Posted: 30 Jun 2017 04:42 AM PDT
By Riëtte van Laack –
As we reported a couple of months ago, the naming of plant-based products continues to be an issue. For at least two decades, there has been uncertainty as to the use of the term “milk” and other dairy terms for products derived from plant material rather than from animals. Most recently, a California court put the issue squarely on FDA’s plate, declining to hear a case on the merits pending the Agency’s determination on the use of the term “imitation” on products such as soymilk and almond milk.
The case at issue arose when Plaintiffs brought an action claiming that plant-based milks were “imitation” products and should be so identified on the label. This argument represented a change in Plaintiffs’ strategy after Courts appeared to side with defendants in previous cases in which plaintiffs had alleged that terms such as “soymilk” or “almond milk” were misleading. In early June, the District Court of the Eastern District of California concluded that the “imitation” question was an issue of first impression and should be left to FDA rather than to the Court(s). The Court concluded that the doctrine of primary jurisdiction applied.
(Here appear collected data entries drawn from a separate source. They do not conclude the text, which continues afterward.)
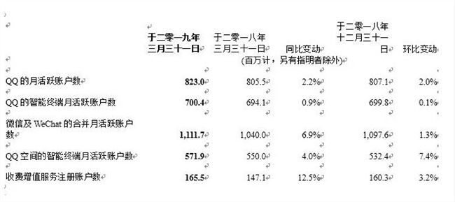 騰訊董事會主席兼首席執行官馬化騰表示:“于二零一九年第一季,我們各主要平臺保持良好的用戶活躍度,其中QQ及微信用戶上傳及分享的短視頻數量顯著增長。隨著我們在中國推出大受歡迎的新游戲如《完美世界手游》,同時《PUBG MOBILE》在國際市場持續增長,我們的游戲業務重現活力。雖然支付、其他金融科技服務及云業務目前仍處在早期發展階段,但現已帶來可觀收入;因此,我們在金融科技及企業服務的新分部披露其業績,展示出我們在內部培育具有長遠增長潛力的業務所取得的成功。我們相信,公司正在為消費及產業互聯網領域的未來增長奠定堅實的基礎。”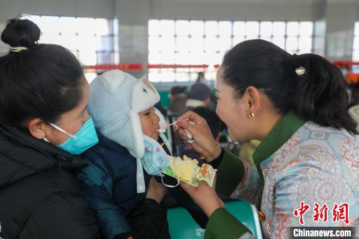 春運(yùn)首日,拉薩車務(wù)段在日喀則站候車大廳開展“溫馨出行 文明出行”主題活動,火車站青年職工帶來了日喀則當(dāng)?shù)靥厣顝棾?,并為旅客送上溫暖的甜茶,和旅客一起分享蛋糕慶祝日喀則站第十個春運(yùn)等活動,營造出喜迎新春的節(jié)日氛圍。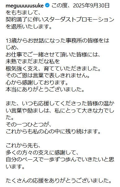 佐藤めぐみ、スターダストプロモーション退所を報告「金八」「花男」ほか話題作出演【全文】

As explained by the Court, the FDC Act was enacted to create a uniform and comprehensive labeling scheme. The issue raised in the litigation, i.e., that plant-based milk products are nutritionally inferior substitutes for cow milk and therefore must be identified as “imitation” product, has not been addressed by FDA. Rather than leaving this to the Courts risking inconsistent and contradictory decisions, the determination of labeling these products should be left to FDA; the issue falls squarely within FDA’s jurisdiction and expertise.
Further, the Court noted that the issue is on FDA’s radar: in December 2016, Congress requested that FDA more aggressively police the use of the term “milk” in naming of non-dairy foods and in March 2017, the Good Food Institute submitted a Citizen Petition asking that FDA issue guidance and a regulation concerning the naming of foods by referencing other “traditional” foods (see our previous post here) Thus, the Court stayed the action and referred the matter to FDA.
A few weeks earlier, another California Court in a similar action outright rejected the argument that the label should identify the product as “imitation” because the likelihood for confusion was “patently implausible.” According to the Court, any consumer “concerned about the nutritious quality of the product” could read the nutrition label. That case was dismissed with prejudice.
The issue of naming plant based foods is not limited to the United States. On the 14th of June, the Court of Justice of the European Union ruled that purely plant-based products cannot be marketed with designations such as “milk,” “cream,” “butter,” “cheese” or “yogurt,” unless specifically exempt under regulation (EU) No 1308/2013. The relevance of that decision for the U.S. remains to be seen.